First of all, we clearly need a real test framework to run our unittest unit tests. @timj has been experimenting with nose, which is used by numpy, but I also know that py.test is a newer entry in the market. On the surface, both seen very similar, so it’s hard to tell which is better. So I asked the community what they like to use, and this is what I got:
we’d be happy with both nose or py.test for basic functionality
py.test has a better plugin architecture, so we (SQuaRE and friends) would likely be much happier if we were writing our own plugins against py.test.
py.test and nose are largely compatible in terms of the tests they run when we’re using them in a basic sense, so we can even try both initially if we really wanted
I’m perfectly okay with switching to py.test. It wouldn’t hurt to try both initially and ensure that we get the same failure modes when we port things over.

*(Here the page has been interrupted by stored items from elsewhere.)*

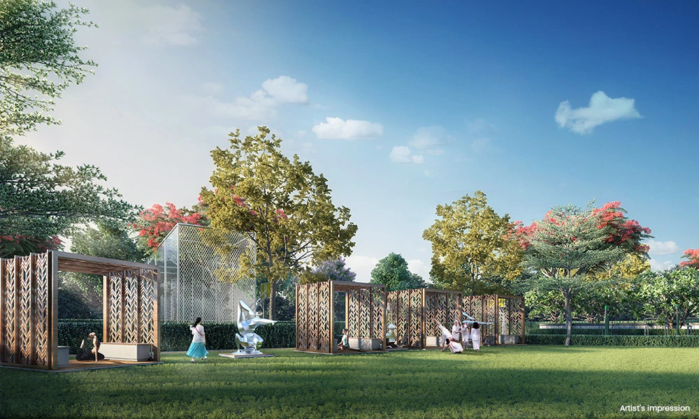 Landscaped gardens, walking tracks, sit-out zones, and serene green surroundings for peaceful living.
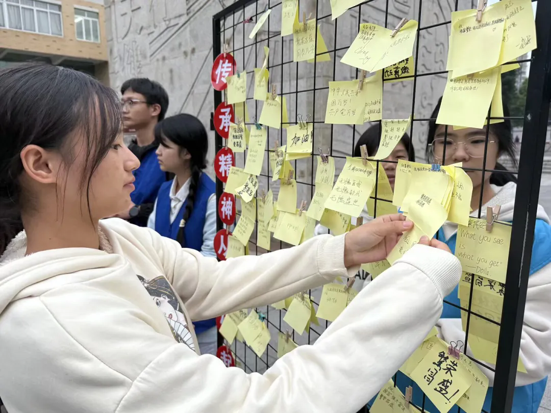 “傳承精神?從我做起”展板則搭建起歷史與當下的橋梁。師生們拿起筆,在便利貼上寫下“課堂專注聽講,是對責任的堅守”“節(jié)約每一粒糧,是對先輩的致敬”等承諾,貼滿象征精神傳承的“誓言樹”;鮮紅的“抗美援朝鑄就鋼鐵長城,薪火相傳肩負時代使命”橫幅前,大家鄭重簽下姓名,一筆一劃皆是對英雄的追思、對使命的承諾。
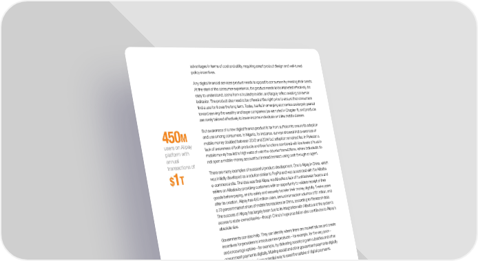 advantages in terms of cost and utility, requiring smart product design and well-tuned policy incentives. Any digital financial services product needs to appeal to consumers by meeting their needs. At the start of the consumer experience, the product needs to be marketed effectively, be easy to understand, come from a trusted provider, and largely reflect existing consumer behavior. The product also need to be offered at the right price to ensure that consumers find a use for it over the long term. Today, banks in emerging economies are largely geared toward serving the wealthy and larger companies (as we noted in Chapter 1), and products are rarely tailored effectively to lower-income individuals and the middle classes. But awareness of a new digital finance product is far from sufficient to ensure its adoption 450M and use among consumers. In Nigeria, for instance, surveys showed that awareness of users on Alipay mobile money doubled between 2012 and 2014 but adoption remained flat. In Pakistan a platform with lack of awareness of both products and their functions combined with low levels of trust in annual mobile money has led to high rates of over-the-counter transactions, where individuals do transactions of not open a mobile-money account but instead transact using cash through an agent. There are many examples of successful product development. One is Alipay in China, which $1T was initially developed as a solution similar to PayPal and was associated with the Alibaba e-commerce site. The idea was that Alipay would solve a lack of trust between buyers and sellers on Alibaba by providing customers with an opportunity to validate receipt of their goods before paying, and to safely and securely transfer their money digitally. Twelve years after its creation, Alipay has 450 million users, annual transaction volumes of $1 trillion, and a 73 percent market share of mobile transactions in China, according to iResearch data. The success of Alipay has largely been due to its integration with Alibaba and the system’s access to state-owned banks—though China’s huge population also contributes to Alipay’s absolute size. Governments can also help. They can identify where there are market failures and create incentives for providers to introduce new products—for example, for the very poor— and encourage uptake—for example, by delivering social program subsidies and other government payments digitally. Making social and other government payments digitally provides an example of one potential way to seed the uptake of digital payments. ••• Digital finance is already giving rise to a range of innovative ideas and business models. In economies as different as Kenya and China, mobile payments have enabled individuals and companies to flourish in often unexpected and unpredicted ways. Entrepreneurs across emerging economies have established businesses that leverage e-commerce platforms, selling to a global audience. This is just the start. Digital finance has a huge advantage, in that its most essential component—a mobile phone—is becoming ubiquitous. As a result, governments and businesses have an opportunity to build a vibrant digital financial services sector in a relatively short period of time—assuming they implement the these building blocks we have outlined in this report. Putting these in place is likely to be challenging, and governments may have to intervene to overcome current market failures. For some countries, the journey may be long, but it is undoubtedly worthwhile. Wide-ranging digital financial services can transform government, ushering in an era of higher-quality, more efficient service delivery. They can provide significant new markets and a much larger customer base for many types of providers, including financial institutions and telecoms companies but also e-commerce retailers and other participants in the digital economy. Best of all, they can open up a new world of economic opportunity for billions of people and hundreds of millions of businesses currently shut out of their countries’ financial systems, and in the process stimulate economic growth and job creation. McKinsey Global Institute Digital finance for all: Powering inclusive growth in emerging economies 71
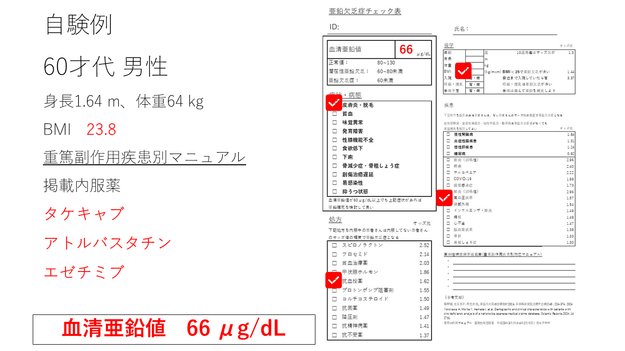 「亜鉛欠乏症チェック表」を完成させ、亜鉛採血をしてみると。

What I’ve not seen – either in the above or in previous discussions – is a straightforward enumeration of our requirements from a test framework. I understand that the ability to produce xUnit output which can be ingested by Jenkins is important, but is there anything else?

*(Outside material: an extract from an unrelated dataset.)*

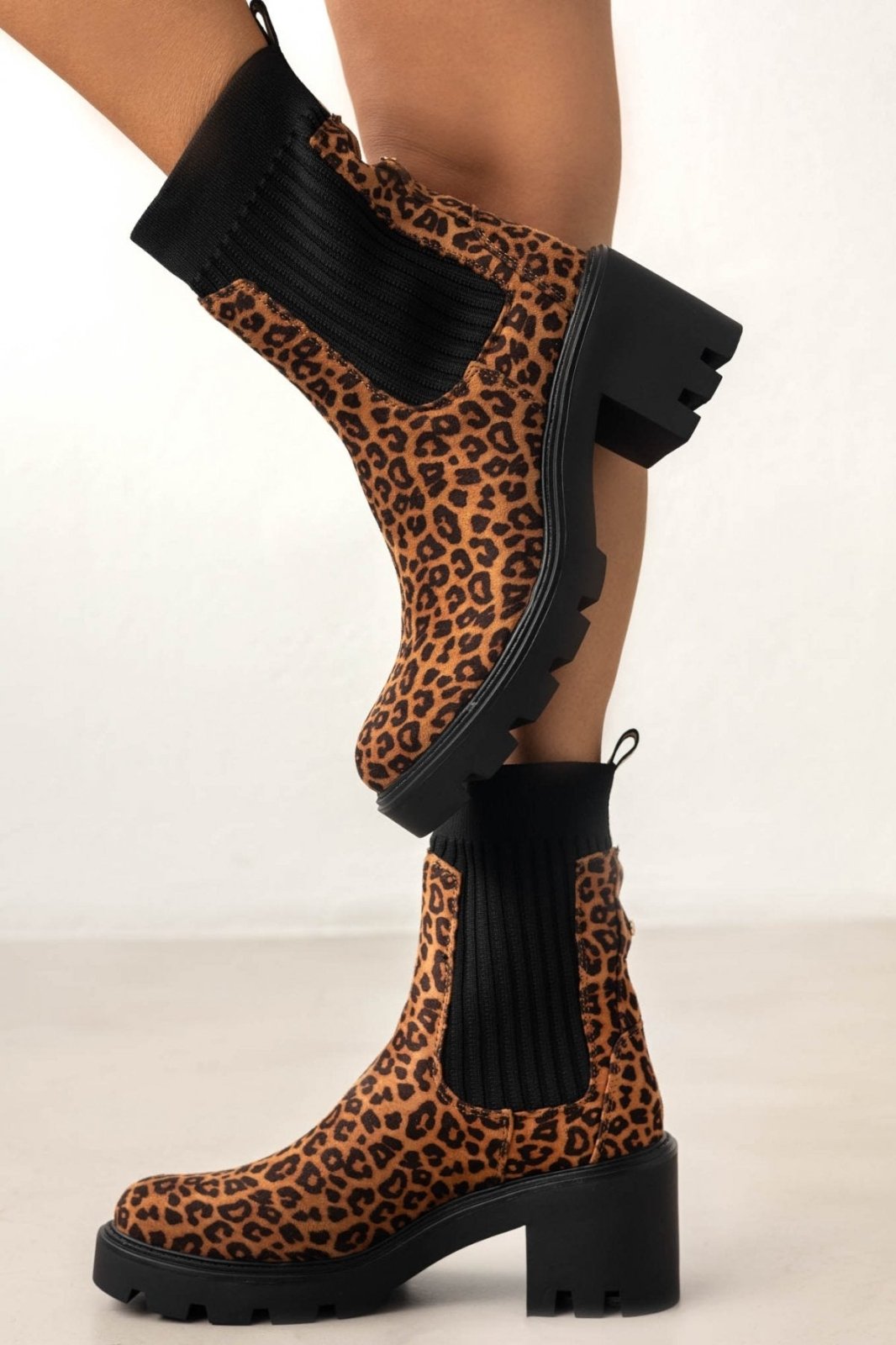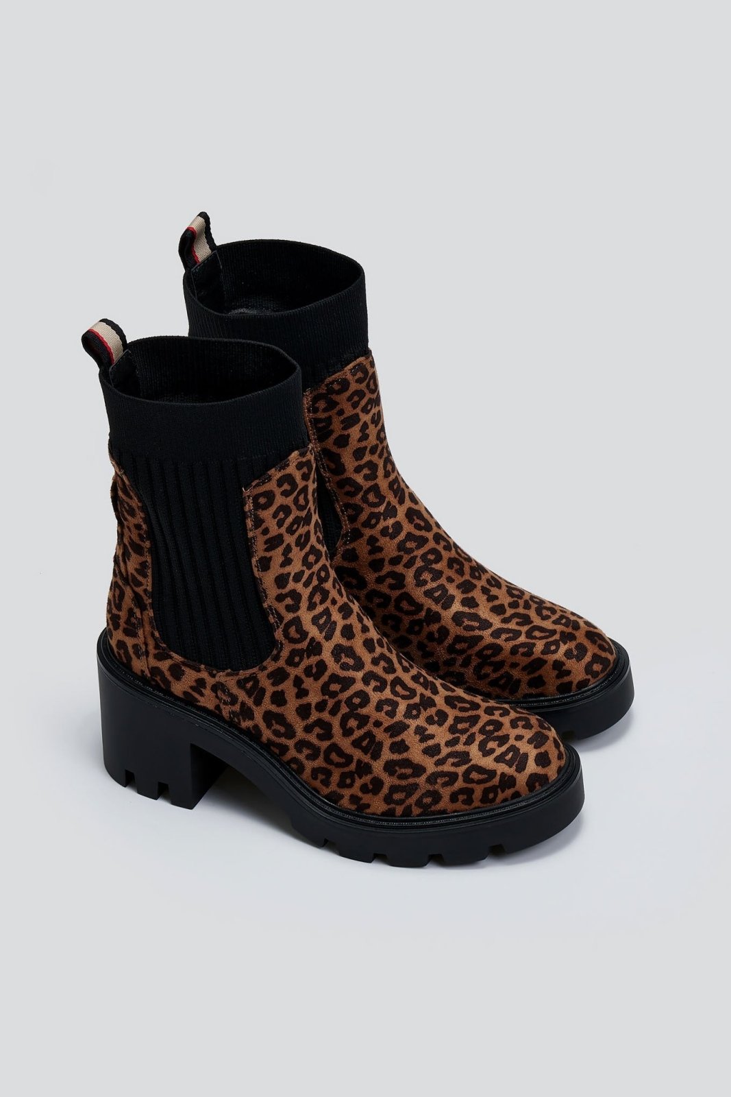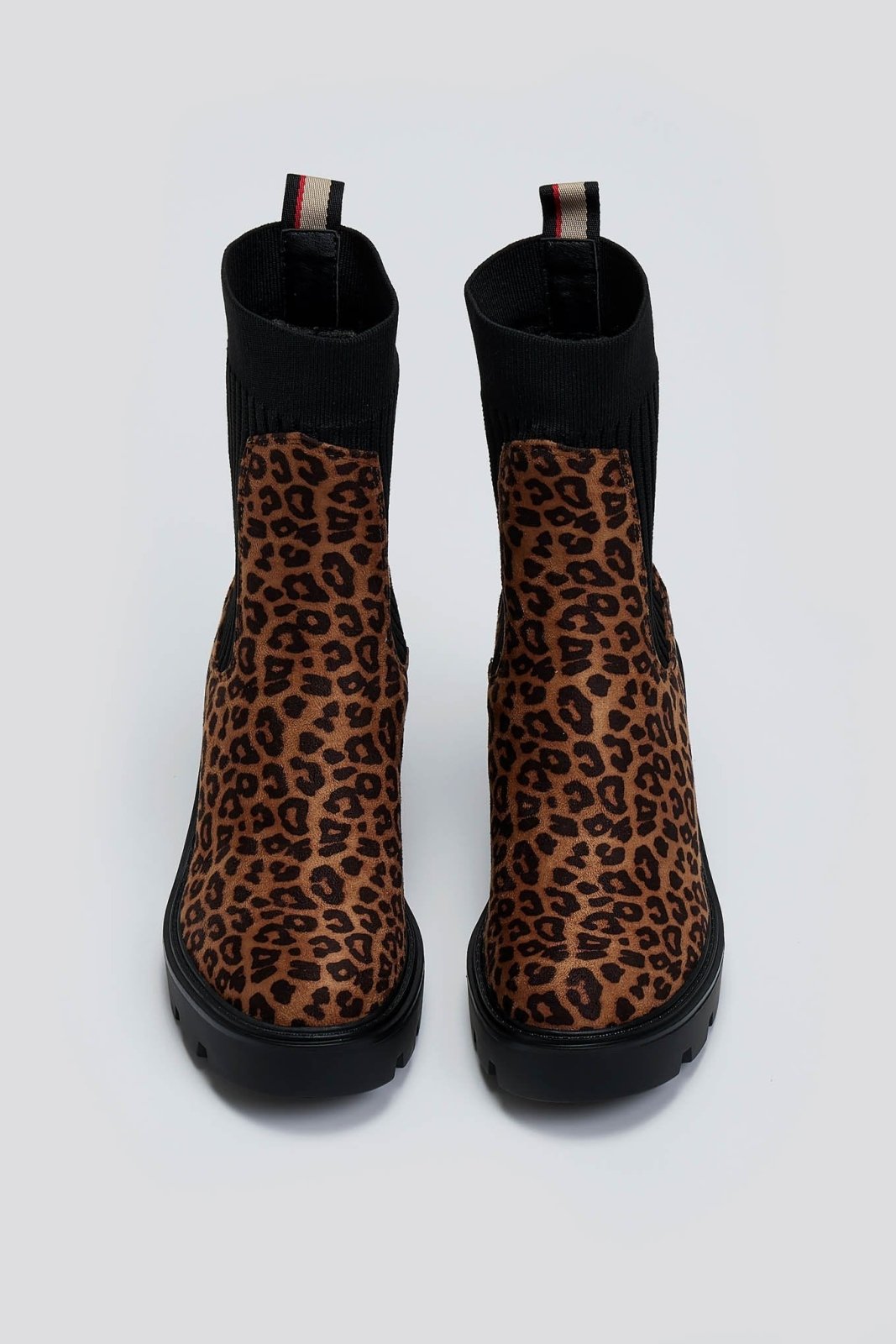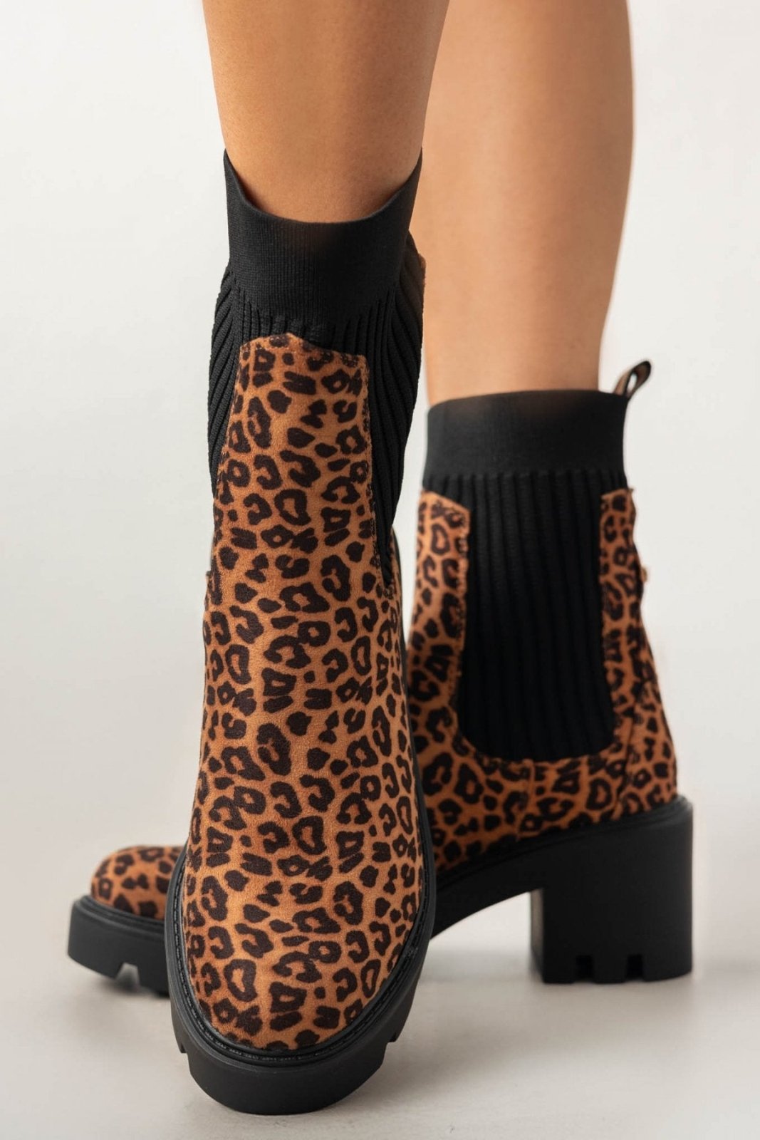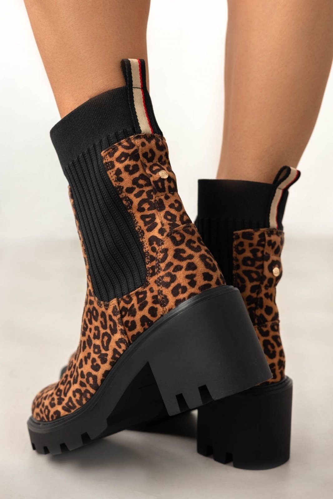 Μποτάκια με ελαστικό τμήμα και σχέδιο κάλτσα ERYNN. Chunky σόλα με τετράγωνο τακούνι. Θηλάκι σε συνδυασμούς χρωμάτων στο πίσω μέρος.

My own feeling is that the “activation energy” for requiring our developers and contributors to learn a new, non-standard-library, test (or, indeed, anything) framework should be quite high: I’d like to see a really concrete discussion of what we’re buying into.
My opening position here is that I’m not asking for any move away from the unittest approach to testing. To start with py.test or nose would just be used for driving the tests and gathering the output. I’m not worrying about using py.test-specific features to begin with and that is not driving this change.
The reason tests have to change is because the tests are not actually compliant with the unittest philosophy in many cases. In particular the way tests are skipped differs wildly from test to test and only occasionally are tests skipped properly. Furthermore the use of suites is not compatible with test drivers that automatically determine which tests are present and removing those is a side effect of the work.
The other outcome of using a test driver is that the tests tend to run in a different namespace (not __main__) and some tests seem to misbehave when they are not run in a separate process (the SIP fitting in meas_astrom has that problem). We probably don’t want tests that fail simply because some other code has run first so these occurrences worry me and need to be examined further.
The memory test case seems to be important and it is relatively easy to make it trigger without using an explicit suite. This doesn’t mean we will like the results though.